I'm the founder and CEO of General Agents. Happy to answer questions!
Hi! Looks pretty interesting - few questions/thoughts:
1. Could you talk a bit more about your behavioral-training? If ace-control is trained on behavioral recordings, would it choose the most efficient path for the agent to take to complete a task? I'm guessing humans choose naturally take less-optimal steps.
2. What causes the huge speed increase? I'm guessing there were a lot of optimizations made, especially since this behavioral-training seems very different from vision models. I'm guessing the model is smaller, so it's interesting that accuracy is highest. I'd be interested to see a comparison vs. 4o-mini
3. Would be neat for it to handle instructions offline/locally - like "connect me to wifi" ;)
4. Would be cool if agent could work in the background so I can do something else in the meantime. ;)

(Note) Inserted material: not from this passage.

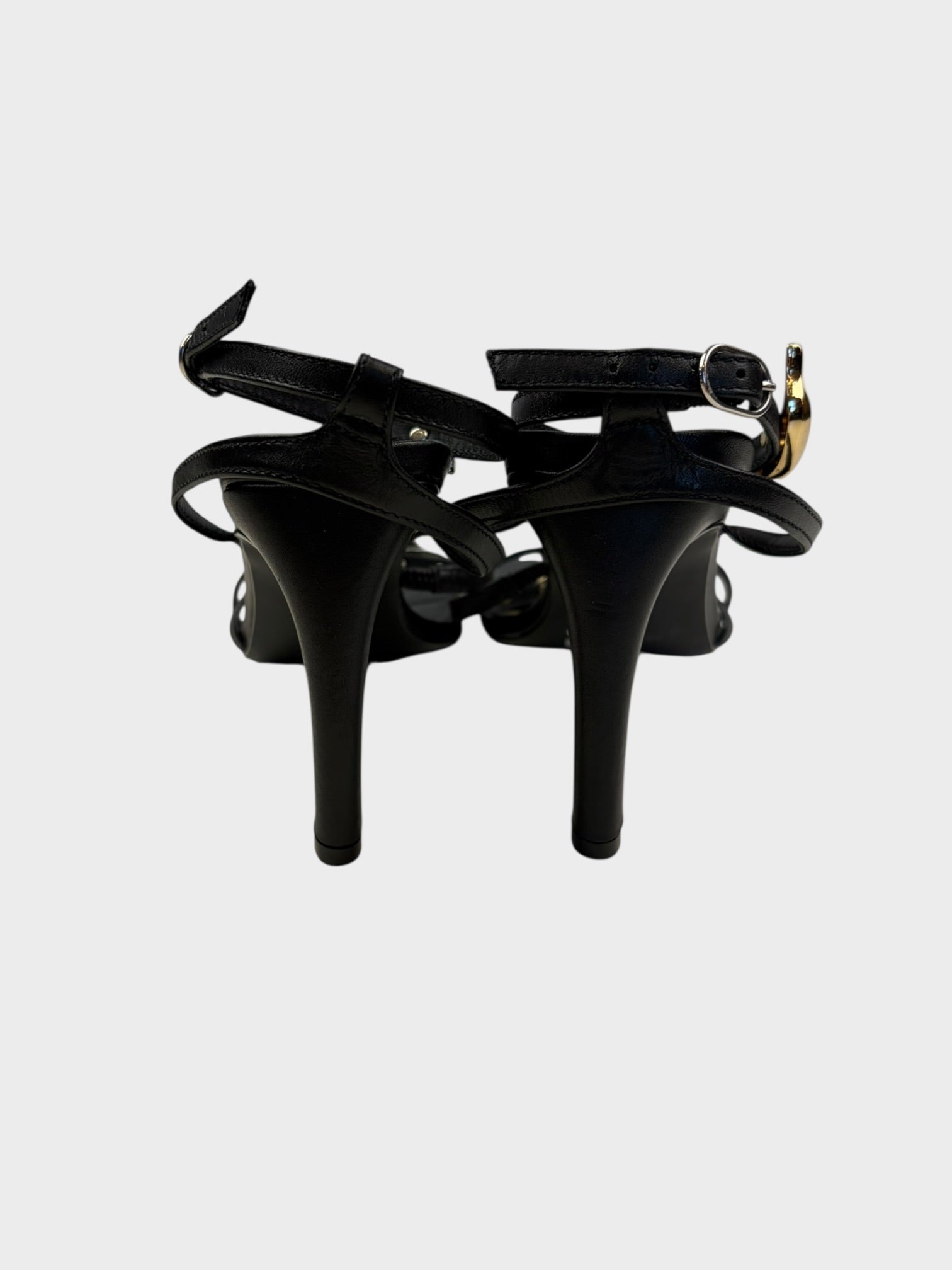 Black strappy sandals with mixed metal banana detail and banana shaped heel

How does it perform on e.g. WebVoyager, WebArena, or OSWorld? These seem to be the oft-cited benchmarks when comparing computer-use agents.
First, I am extremely impressed by the demo. It looks truly groundbreaking.
Could you elaborate on the types of tasks and data sources used to train Ace, and how these contribute to its performance on desktop automation?
Ace is said to outperform other models on your suite of computer use tasks. Can you provide more details on these benchmarks and how Ace compares to existing automation tools?
Amazing performance! Do you anticipate making the model available for commercial use or are you primarily focused on releasing agents built upon it?
From your site, "Ace works like we do—performing mouse clicks and keystrokes based on the screen and prompt—trained with <3 by our team of software specialists and domain experts on over a million tasks."
Is there a way to train or augment training on applications you've never seen before? We have a bunch of custom Java applications that we use in finance, curious about some additional automation.